Noted thematic points of engagement:
  1. Discerning the City: What is going on in fast moving environments, symbolically and thematically? Only dialogue can tell! But where is the soul of the city?
  2. Ethics and Ideals: What makes a “Good” City? by our context-sensitive moral experience, intuition and activity, we enact this — how consciously?
  3. Cultures: Churches have a long record as being part producers of culture. Where is our Creativity? Added Value, freely offered?
  4. Language: Largely Christian in origins, these days! “Regeneration” “Renewal” “Iconic” etc. etc. etc. What is the appeal of this language? What does it really mean, contextualized? How can the faith which spawned it use it creatively?
All this, and a couple of final impressions:
  1. None of us know exactly what we’re in for just now, as the fallout continues from financial woes. It’s only just beginning. Government is, as ever, a huge, diverse and complex conglomerate of ideas and energies, not the simple Big Player people often speak as though it were — bit like the Church! But a general shift in emphasis away from Social development and devolution, laudable as it is in theory, could get a bit weird in a global recession...
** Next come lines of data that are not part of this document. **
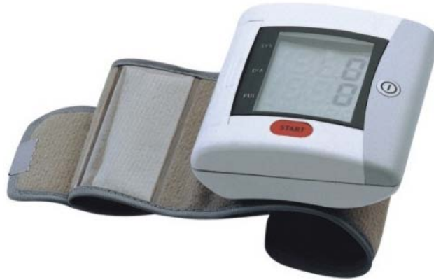
AC-117-00 Automatic wrist electric blood pressure monitor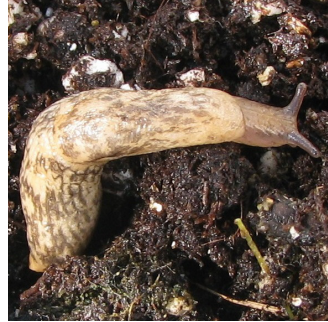
Fig 2. A gray garden slug ( Deroceras reticulatum ) with characteristic markings (though pattern can vary)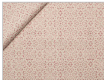
63 giglio rosa pink lily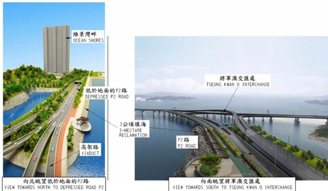
Depressed Road P2 and Tseung Kwan O Interchange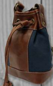
Betsy Mini Bucket #94276 (8" x 5.5" x 3.5")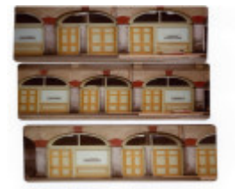
Mining Exchange_3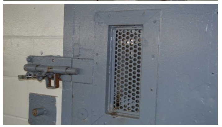
Engaged padlocks on restrictive housing unit cell doors in a close- security GDC prison in 2022. An officer at this prison later told DOJ that padlocks are not used on cell doors at this prison.

sometimes of the housing units. According to staff at another prison, doors in the medical unit, including doors that lead to the administrative offices, have not had working locks for at least 17 years, and incarcerated people walk into the staff breakroom and steal food from the refrigerator on a regular basis. During site visits, DOJ experts repeatedly observed malfunctioning lock indicator lights, padlocked doors, and improperly secured areas.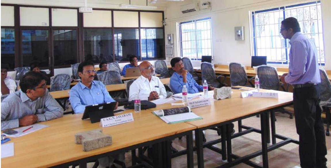
Innovator Presenting under Other category

Final Pitch was held on Feb 22, 2019 FN at TBI@KEC. 2 panels consists of 3 and 5 members in each have selected the top 3 winners under students and top 2 under others category.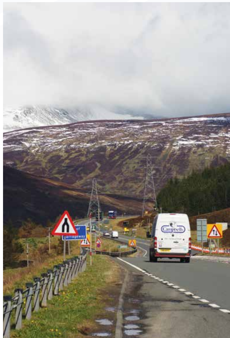
The A9 at Glen Garry.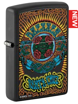
Santa Cruz Black Matte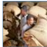
Farmers storing [...]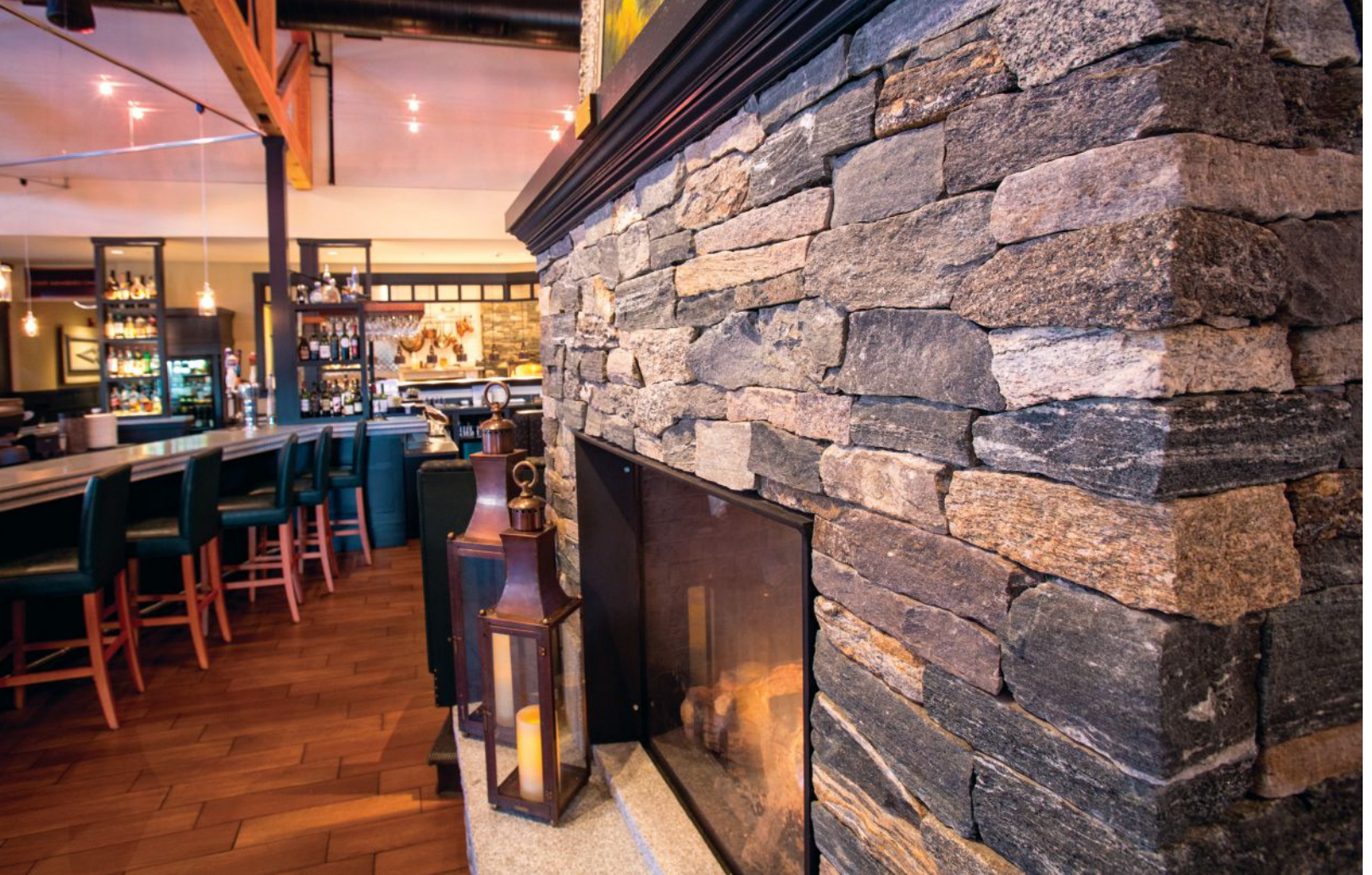
A total of 75% of the stone employed for the fireplace and oven design is Boston Blend LedgeStone. The pieces range in size from 1 to 4 inches in height and 4 to 18 inches in length. An additional 20% consists of Greenwich Gray LedgeStone with pieces also varying between 1 to 4 inches in height and 4 to 18 inches in length. The last 5% is Boston Blend Ashlar with pieces measuring 3 to 7 inches in height and 4 to 14 inches in length. All of the stone pieces have a thickness of 1 inch.

Elegant, warm and inviting are the three words designer Dana Boucher of Breath of Fresh Art uses to describe the interior dining space of the Copper Door restaurant in Bedford, NH. At the heart of the 8,000-square-foot design is a floor-to-ceiling fireplace with the surround and hearth built of a blend of three stone varieties, which were produced by Stoneyard.com of Littleton, MA, and supplied through Hudson Quarry of Hudson, NH. Further contributing to the upscale rustic ambience is a stone oven — featuring the same stone combination — that can be seen from the main dining area due to the open-concept kitchen design. The saturated colors and texture of the interior design elements make for a welcoming and comfortable environment for the restaurant's guests.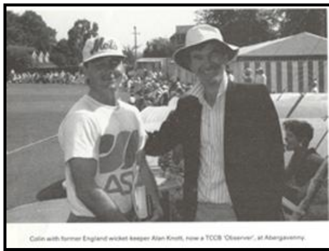
Colin with former England wicket keeper Alan Knott, now a TCCB 'Observer', at Abergavenny.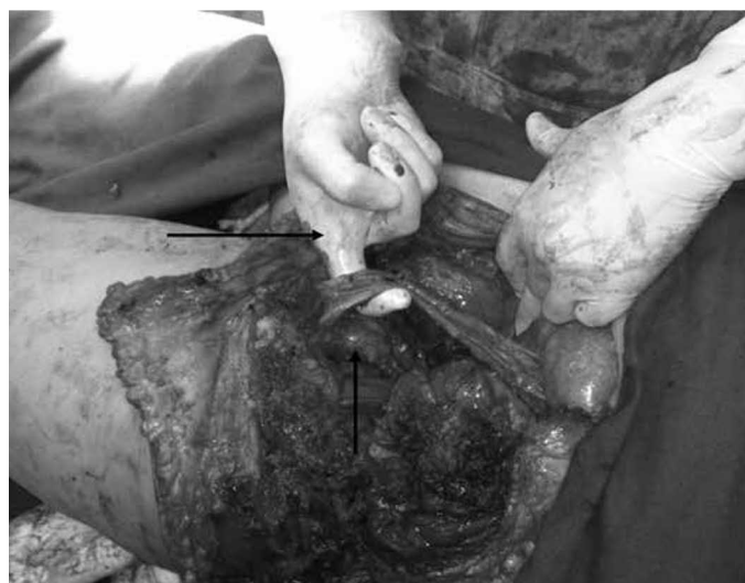
Figure 3 – Photo of the internal hemipelvectomy surgery showing the preservation of the femoral vascular-nervous bundle anteriorly and of the sciatic nerve posteriorly.

  2. Along with other faith organizations, but particularly as an established Church, the Church of England is strategically placed to help, because of its presence on the ground. There is paricularly strong contribution to be made to Local Area Agreements. There is an improving level of faith literacy in government at all levels compared to very recently. It’s important not to blow this availability and opportunity for service by suburbanizing the Church entirely, allowing the weak to go to the wall. It’s also important to sustain and build this capacity in spiritual and human terms; Some popular images of the city may have yuppified, but there is a vulnerability about all community groups and subgroups, especially faith ones. At every level from sub housegroups to the diocese, leadership is a key influence, for good and/or bad. One key priority has to be trying to ensure that strategically aware and pastorally gifted area deans have the time and resource to do their jobs.